Day 8 — Hash Tables and Hash Functions
Hash tables are the most-used data structure in modern code after the plain array. They turn “find this thing in a million-element collection” into O(1) on average — which is why nearly every dynamic language uses one as the default key-value structure (dict in Python, Map / object in JavaScript, HashMap in Java, unordered_map in C++).
Once you internalize hash tables, dozens of interview problems collapse from O(n²) to O(n) with a single observation: “if I knew whether I’d seen this before, the answer would be trivial.”
What you’ll learn today
- The hash table model — buckets, keys, values, the hash function that maps one to the other
- What makes a hash function good or bad, and why we don’t have to write our own
- Collisions — when two different keys hash to the same bucket — and the two strategies to handle them: chaining and open addressing
- Load factor and resize — why insert is amortized O(1) even though it sometimes does a lot of work
- The stdlib hash maps in C++, Python, and Java — and the four operations you’ll actually use
- Where hash tables power real systems — caches, database indices, content addressing, deduplication, distributed sharding
- The advanced toolkit: Bloom filters, consistent hashing, perfect hashing, cuckoo hashing, hash flooding defenses
- Ten interview problems across the full difficulty range, from one-line lookups to a full LRU Cache implementation
Why hash tables are everywhere
A few problems that start O(n²) and become O(n) the moment you reach for a hash map:
- Two Sum — “find two numbers that add to target.” Naive: nested loops.
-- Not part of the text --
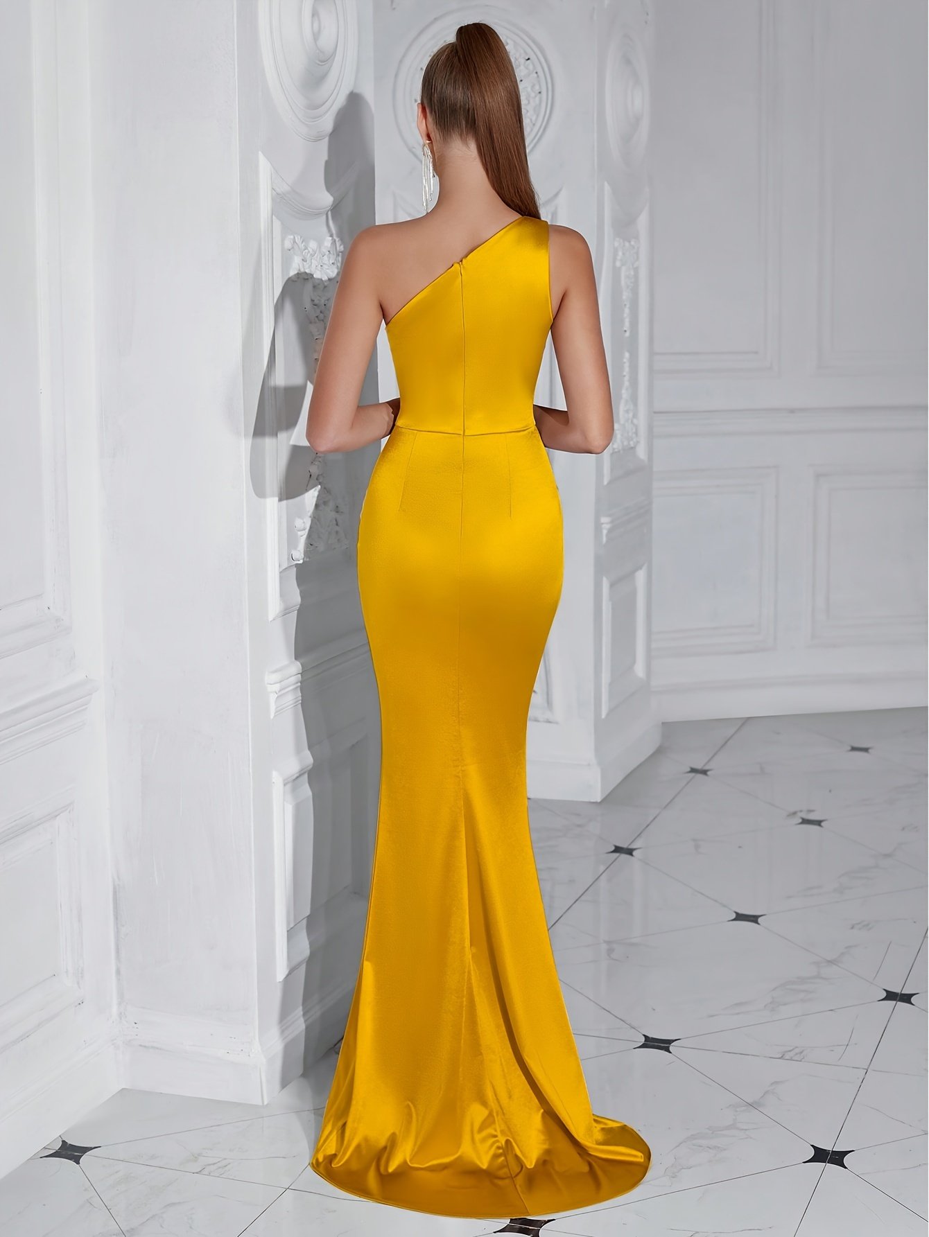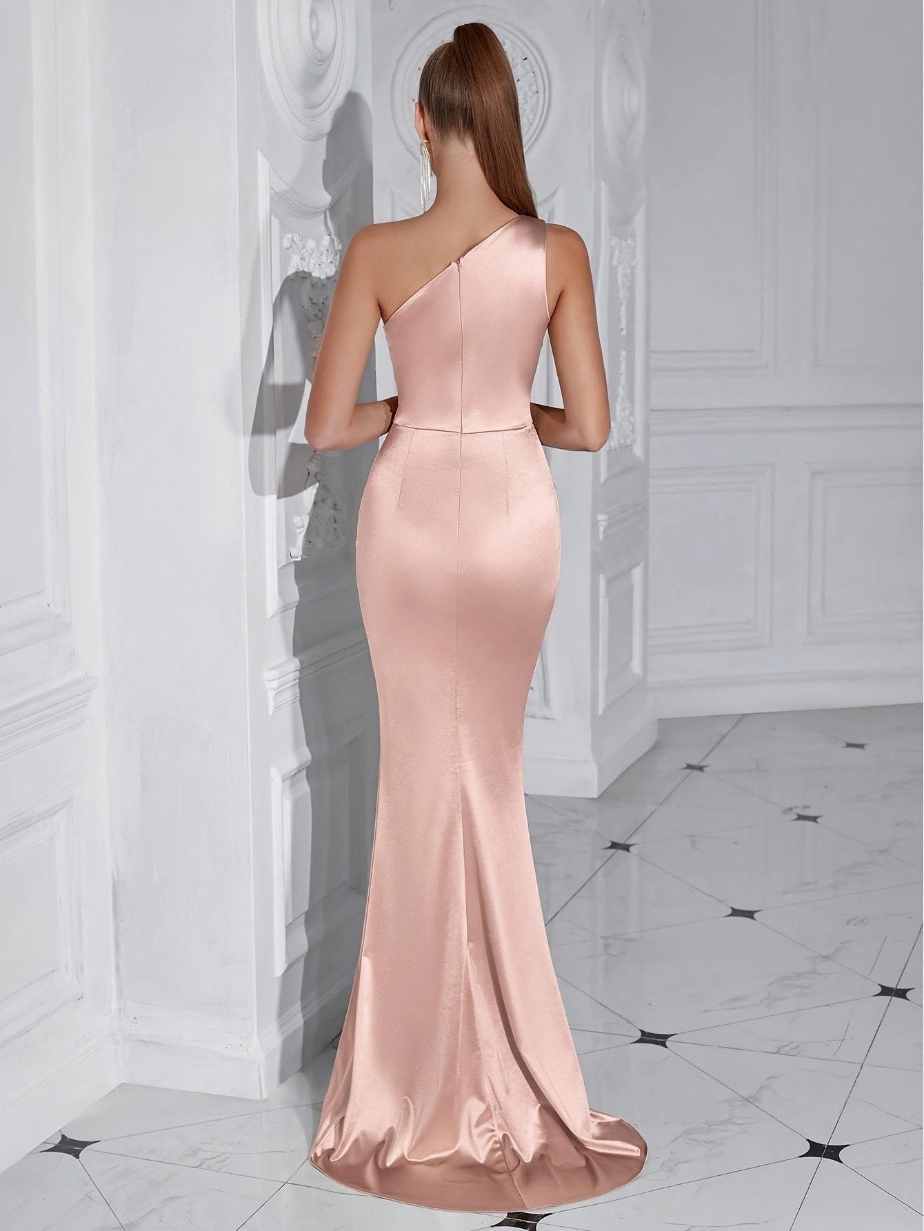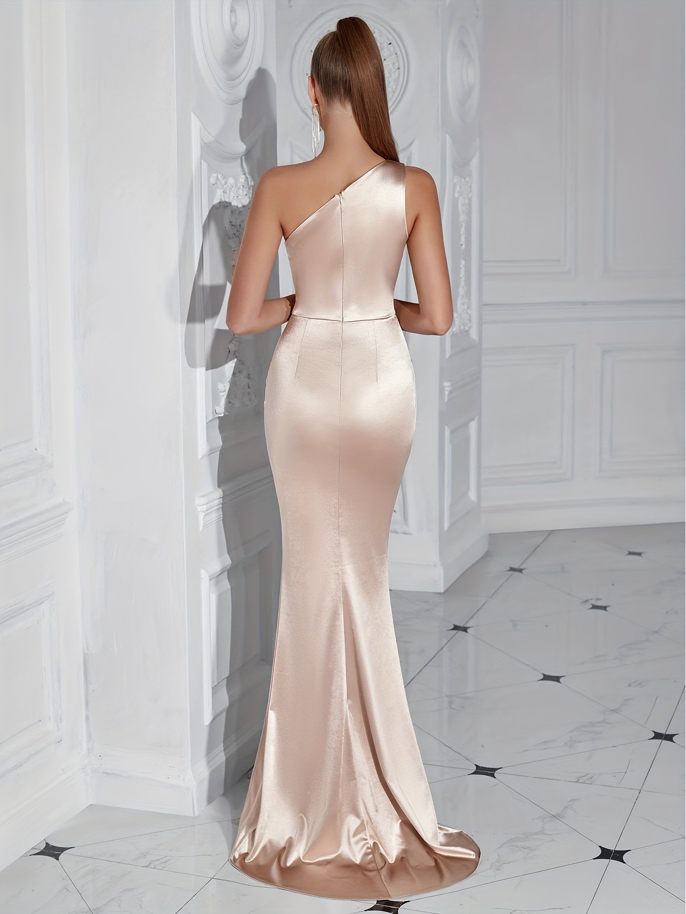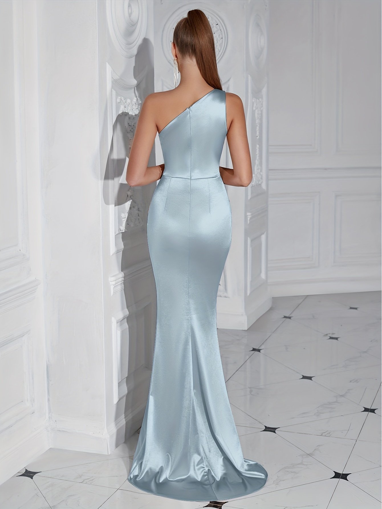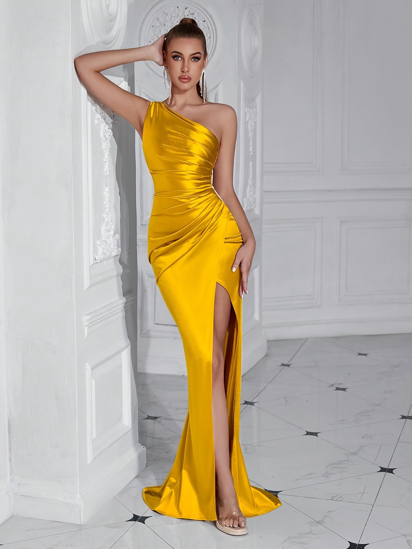 One Shoulder Split Thigh Ruched Dress, Elegant Sleeveless Dress For Party & Banquet, Women’s Clothing Wedding/Evening dress/Occasion/Engagement/Ceremony
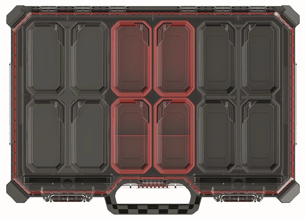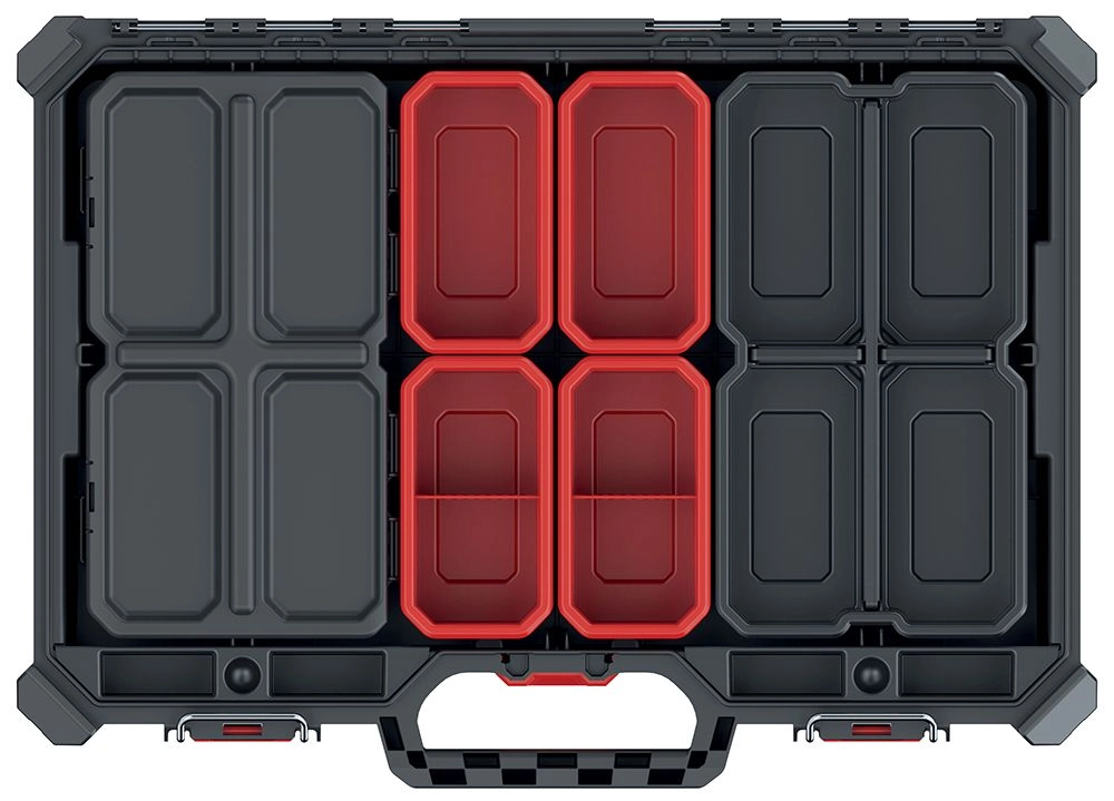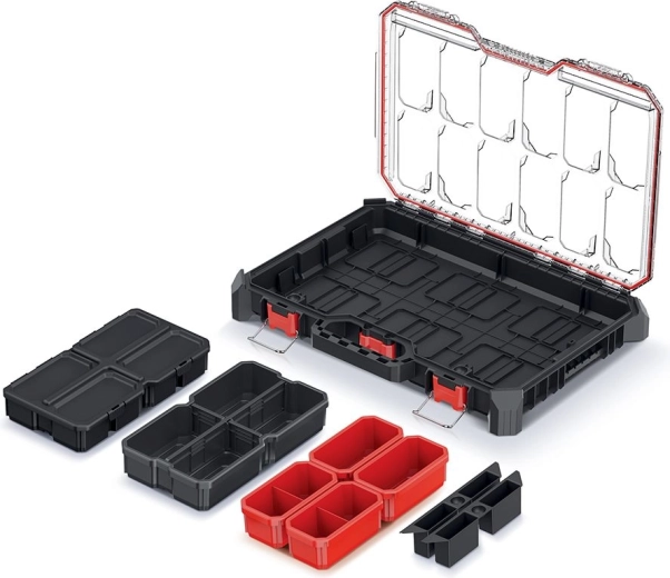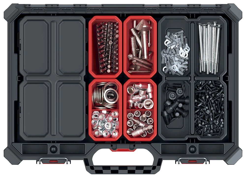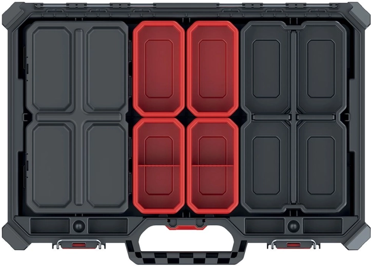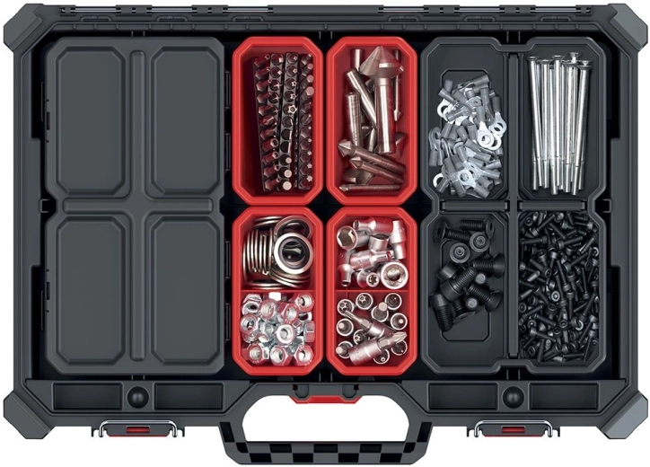 Datorită celor 7 cutii detașabile și celor 3 separatoare, vă adaptați cu ușurință interiorul la nevoile curente. Balamalele metalice și clemele din ABS cu inserții metalice mențin capacul bine închis, în timp ce etanșarea împotriva prafului și apei protejează conținutul în timpul transportului și lucrului în medii prăfoase sau umede. Organizatorul poate fi interconectat în sistemul X BLOCK prin mecanismul de blocare, pentru stivuire și transport comode.

With a hash map: one pass.
- Contains Duplicate — same idea, even simpler.
- Group Anagrams — bucket strings by their sorted form (or character signature).
- Longest Substring Without Repeating Characters — track which characters are in the current window.
- First Unique Character — count frequencies, then walk back through the string.
Every single one is “I want to know if I’ve seen X before, fast.” A hash map answers that in O(1).
You’ve already met hash maps in passing. They’re what makes Two Sum O(n), what powers Counter in Top K Frequent, and what dict is built on in Python. Today we open the hood.
Roadmap
- Introduction — the bucket model, hashing, the O(1) average analysis, and what can go wrong.
- Collisions & Load Factor — chaining vs open addressing, why we resize, and how amortized analysis keeps insert at O(1).
- Using Hash Maps — the standard library API in C++, Python, and Java, plus the patterns you’ll use 90% of the time.
- Applications — where hash tables actually earn their keep: caches, DB indices, Git’s content addressing, deduplication, message routing.
- Advanced Topics — Bloom filters, consistent hashing for distributed systems, cuckoo & hopscotch hashing, hash flooding attacks, perfect hashing.
- Basic Questions — warm-up exercises: design a tiny hash map, collision counting, hand-trace inserts, frequency tasks.
- Practice Questions — ten interview classics that all collapse to “use a hash map.”
The mental model: a hash map is a labelled mailbox system with a clerk who computes addresses really fast.